Amnesty International and other human-rights groups sharply criticized Australia's immigration policies today (Monday), one year after a refugee incident at sea that dramatized the government's strict policy on admitting asylum seekers.

Exactly one year ago, Australia refused entry to a Norwegian cargo ship (the Tampa) carrying more than 400 asylum-seekers -- mostly Afghans -- rescued from a sinking Indonesian ferry. Australia eventually agreed to transport the illegal migrants to third countries while their visa applications were processed, but at the same time the government increased border security, and declared that anyone arriving illegally would not be granted temporary asylum. Immigrants who reach Australia's shores now are held in detention while their asylum requests are processed.

The new policies proved popular with most Australians, who gave Prime Minister John Howard a third term in office in last November's elections.

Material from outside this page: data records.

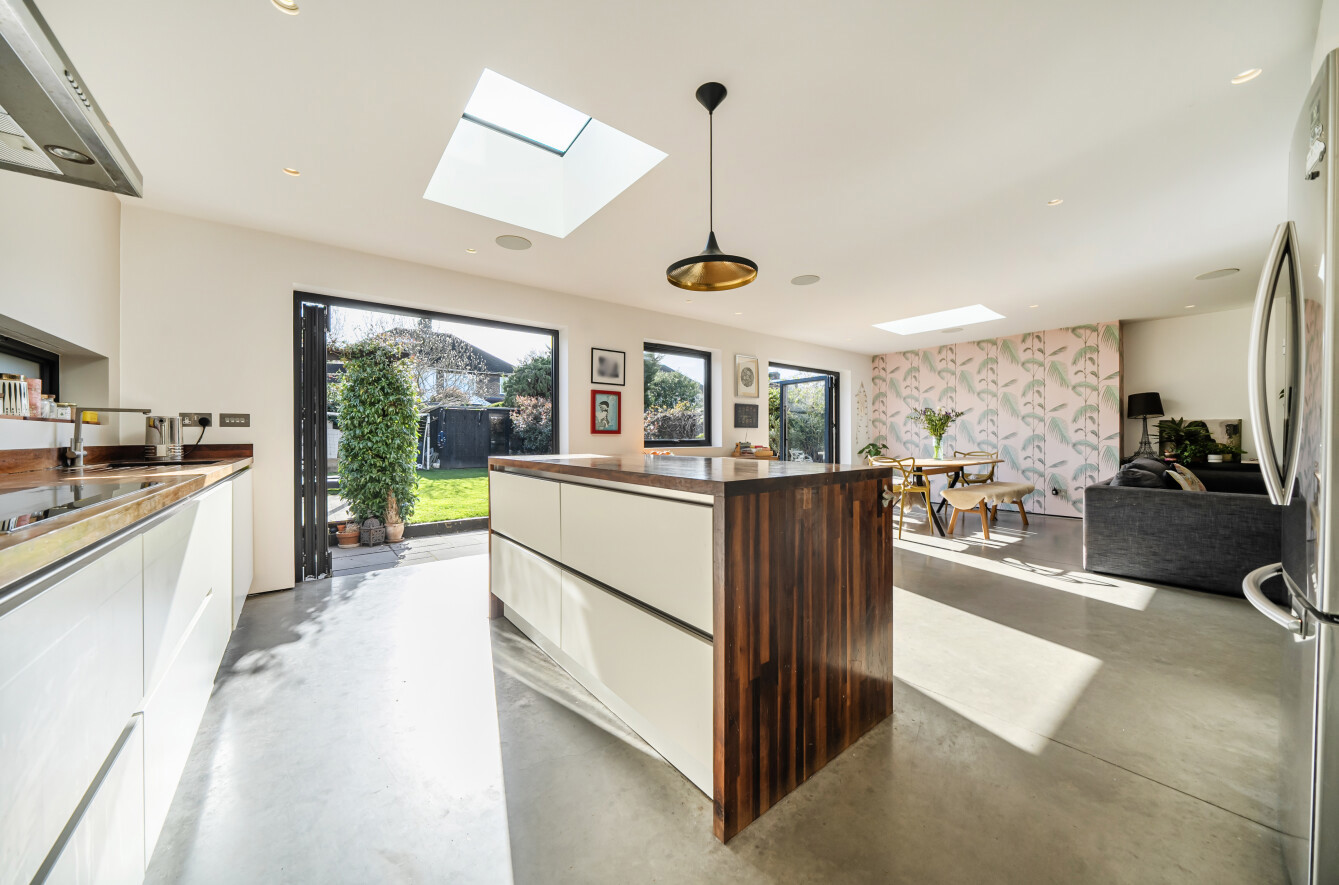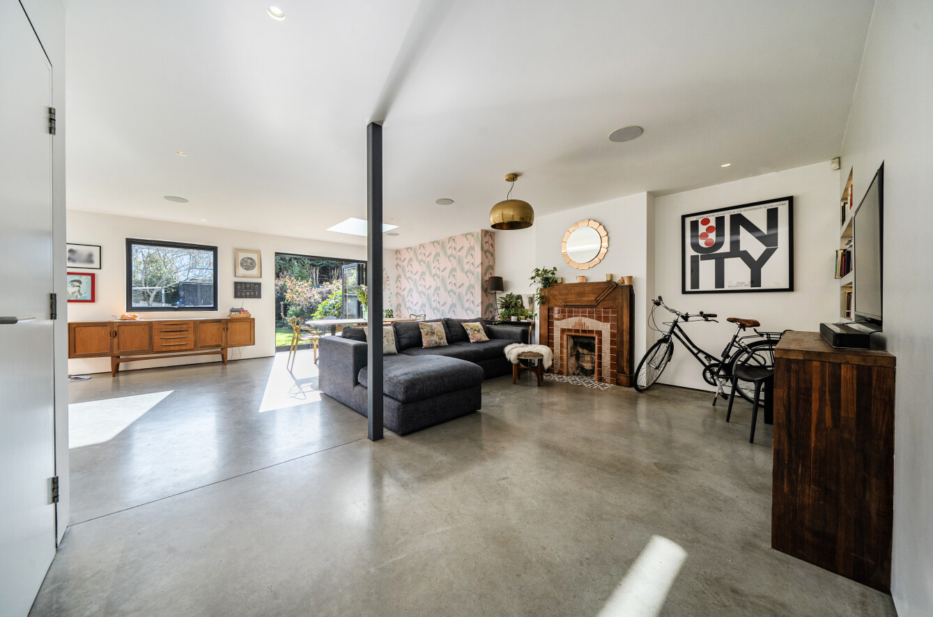 The heart of the home is the stunning open-plan kitchen / dining / family room spanning the full width of the property. Bathed in natural light, this exceptional space features polished concrete floors with underfloor heating, large-format glazing and bi-fold doors opening directly onto the south-facing garden, seamlessly connecting indoor and outdoor living.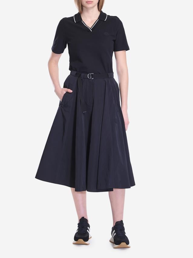 Black cotton piqué polo shirt with a black silicone logo patch on the chest. It features short sleeves, a pointed collar, a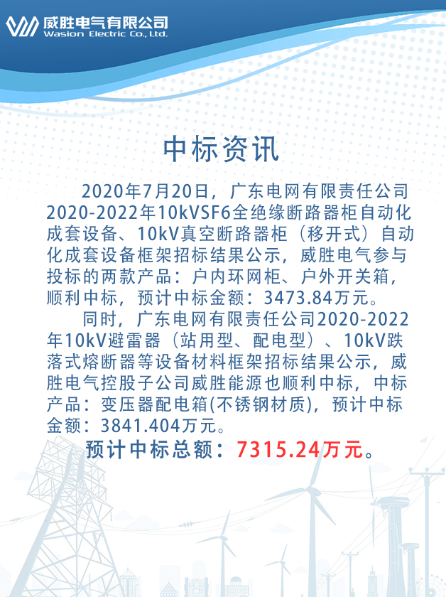 2020年7月20日,廣東電網有限責任公司2020-2022年10kVSF6全絕緣斷路器柜自動化成套設備、10kV真空斷路器柜(移開式)自動化成套設備框架招標結果公示,威勝電氣參與投標的兩款產品:戶內環網柜、戶外開關箱順利中標,預計中標金額:3473.84萬元。同時,廣東電網有限責任公司20202022年10kV避雷器(站用型、配電型)、10kV跌落式熔斷器等設備材料框架招標結果公示,威勝電氣控股子公司惟遠能源也順利中標,中標產品:變壓器配電箱(不銹鋼材質),預計中標金額:3841.404萬元。預計中標總額:7315.24萬元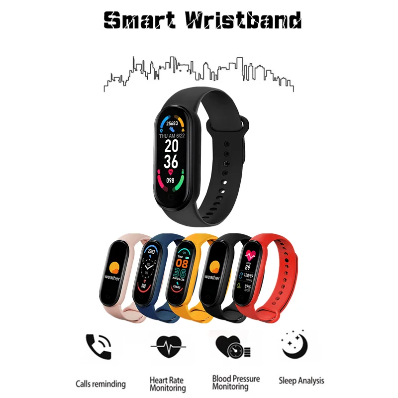 Смарт-браслет M6, водонепроницаемый, IP67, пульсометр, тонометр, шагомер, монитор сна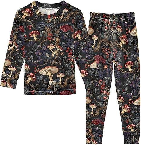 Pajama Sets Long Sleeve Mushroom Floral Pattern on Black Soft Comfy Sleepwear 2 Piece PJS 3-8T(6 Years)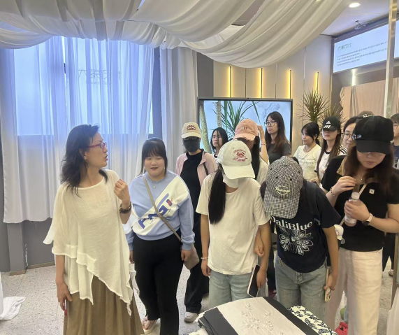通过参观家纺设计展,学生们近距离观察面料纹理、色彩搭配与图案设计,与参展设计师交流设计理念与市场需求,对家纺艺术的实用性与审美性有了更直观认知。展厅中,学生们对现代AI技术对家纺产业的影响进行了深入了解,通过AI进行图案设计、智能分析花纹面料,以及智能系统在提升家纺设计方面的效率与准确性上的突出优势,深刻领会科技对行业升级的核心推动作用。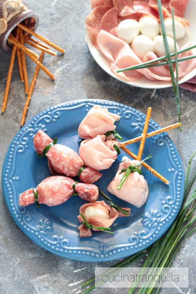 Lollipop de bolitas de mozzarella y embutidos, si estás buscando un entrante ligero, delicioso y simpático, sin cocción, aquí tienes una idea para enriquecer tu mesa.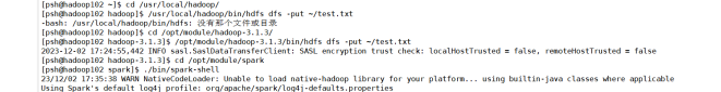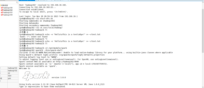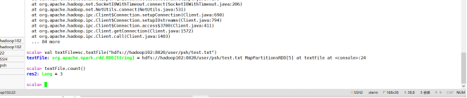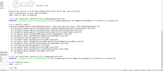 (2)在spark-shell中读取HDFS系统文件“/user/hadoop/test.txt”(如果该文件不存在,请先创建),然后,统计出文件的行数;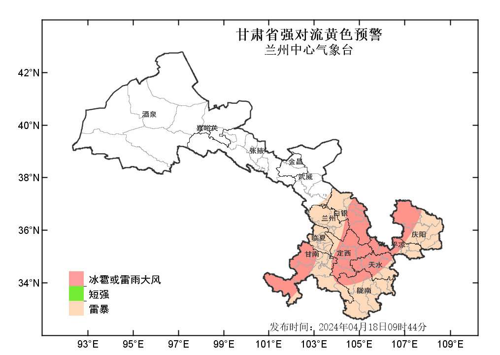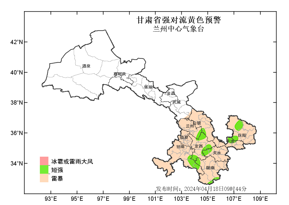 中國甘肅網(wǎng)4月18日訊(西北角·中國甘肅網(wǎng)記者 沈文剛)4月18日9時44分,蘭州中心氣象臺發(fā)布強對流黃色預警:預計今天白天到夜間,武威以東大部分地方有雷暴;其中,白銀、定西、甘南、天水等市州部分地方及蘭州、隴南、平?jīng)?、慶陽等市局部地方有雷雨大風或冰雹;甘南、隴南、定西、天水、白銀、蘭州、平?jīng)?、慶陽等州市局部地方有短時強降水,最大小時雨強為20-30毫米。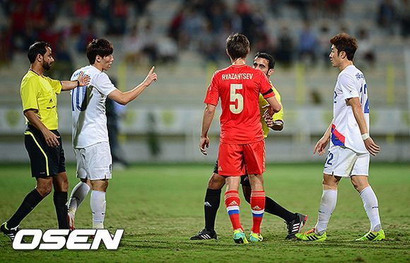 후반 김보경이 러시아 선수들 과격한 행동에 어필하고 있다.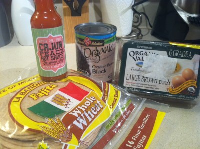 Grab these: whole wheat tortillas, organic black beans, salsa {not pictured}, eggs and hot sauce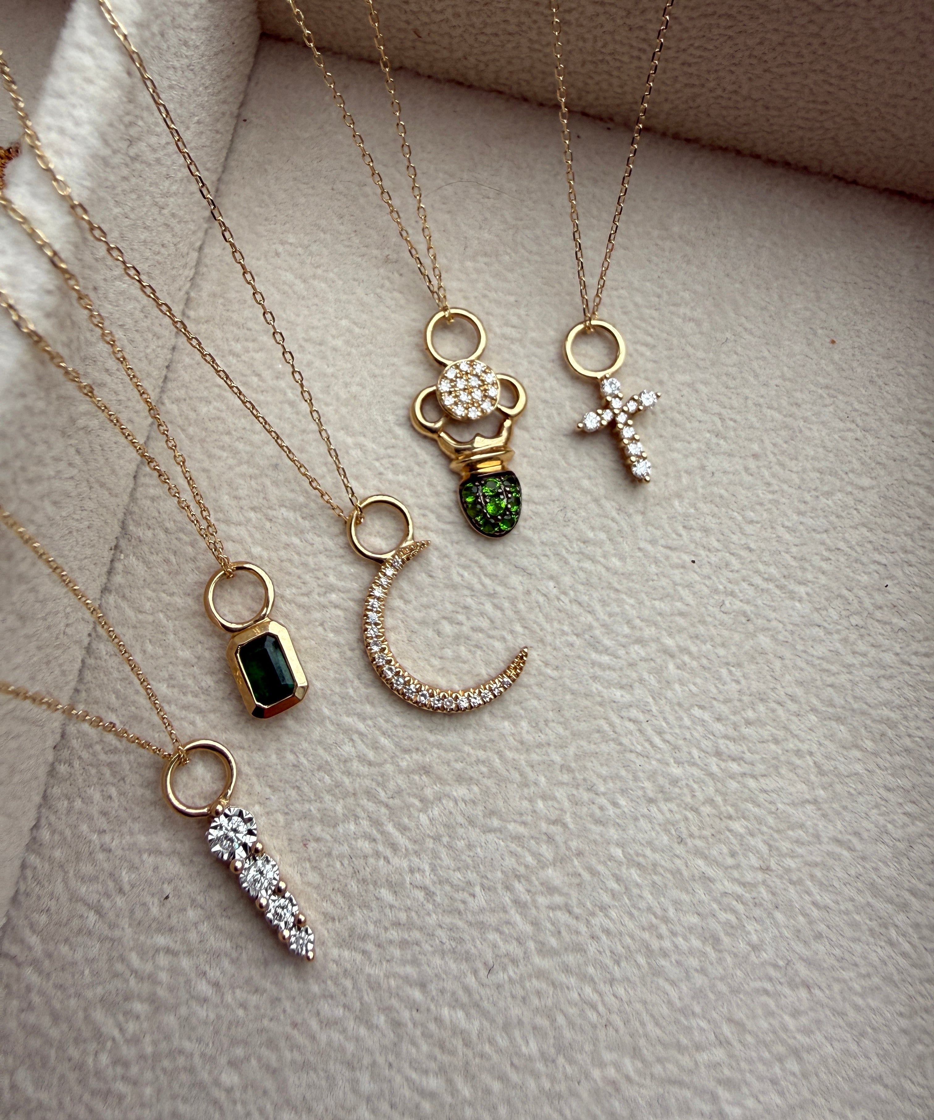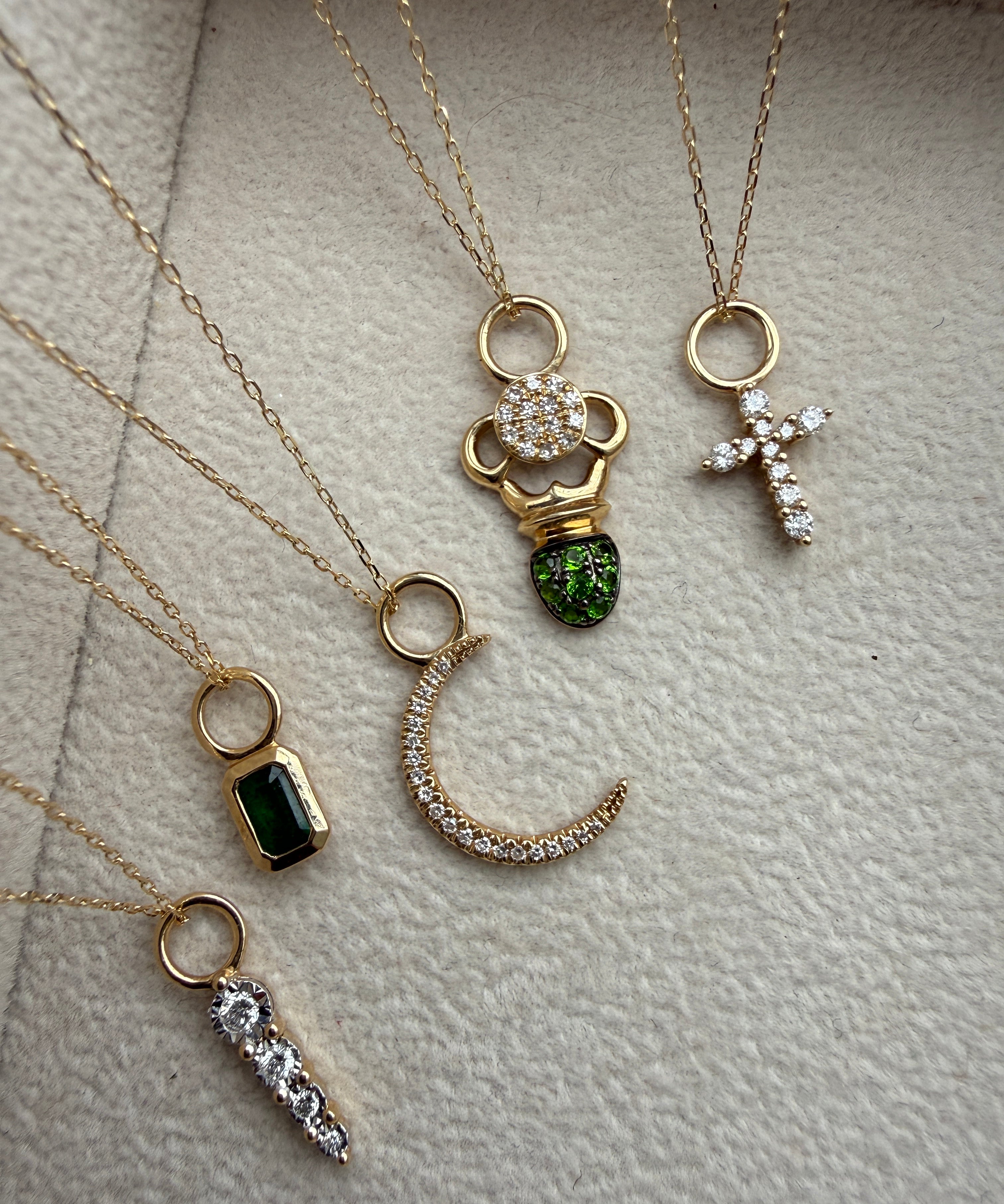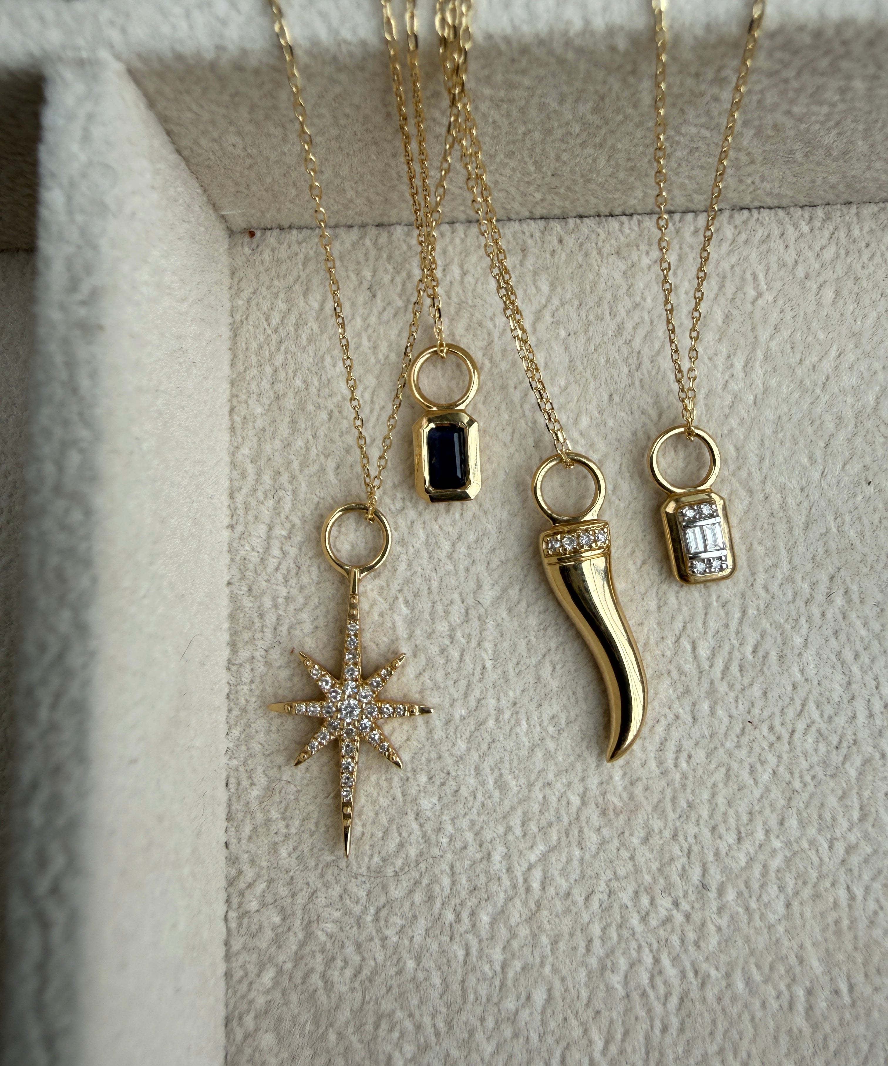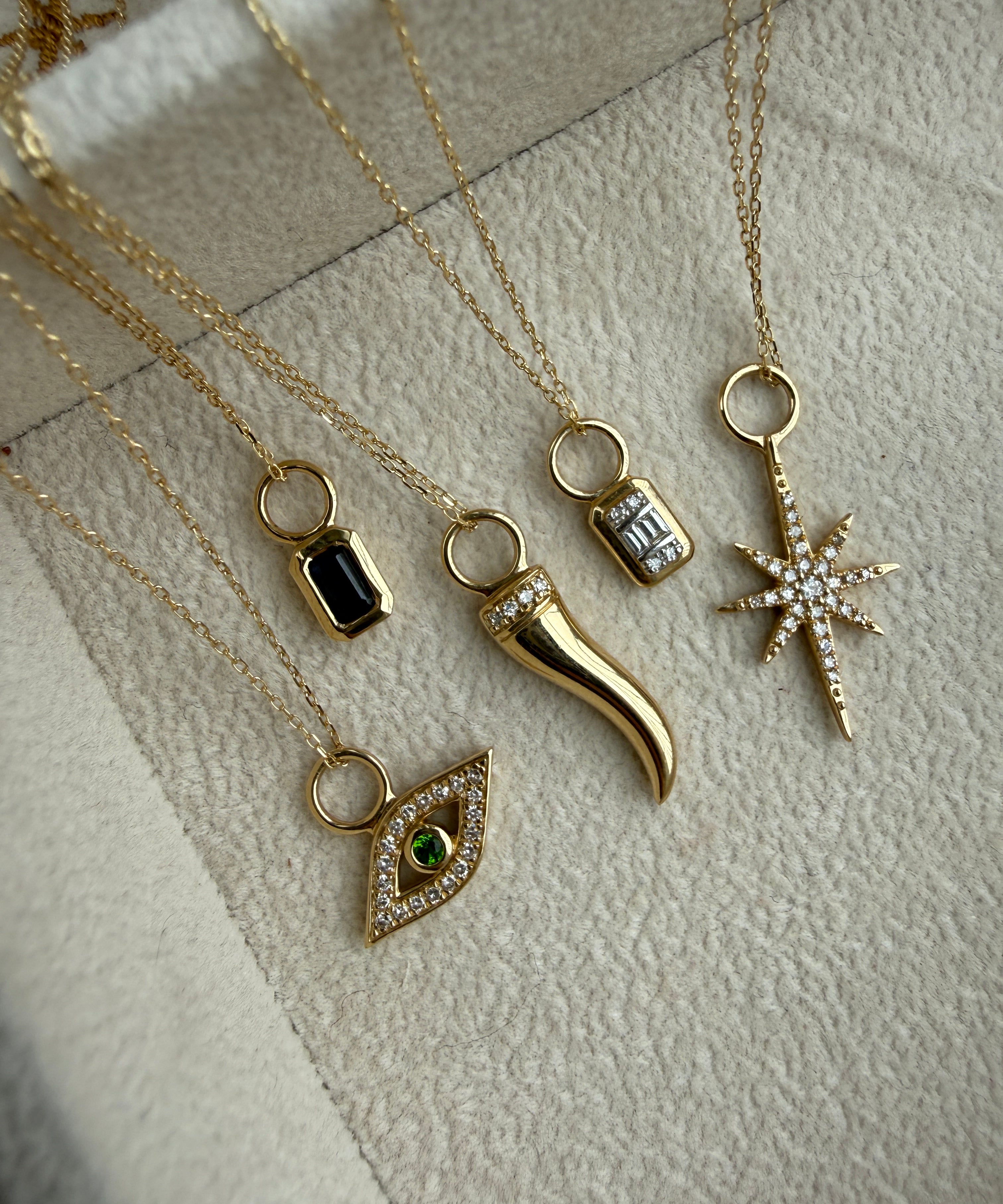 SAMPLE SALE 14k Solid Gold Diamond Cornicello Charm Pendant Necklace

Amnesty International says the policy of sending asylum-seekers to detention camps only continues the cycle of fear and uncertainty the refugees are feeling.

An Amnesty spokesman (Graham Thoms) says the flow of people seeking asylum in Australia appears to have been stemmed, but that has only created more problems for other refugees trying to flee human-rights abuses in their own countries.

Amnesty International says Australia's immigration policies have damaged the country's reputation for fairness and humanity.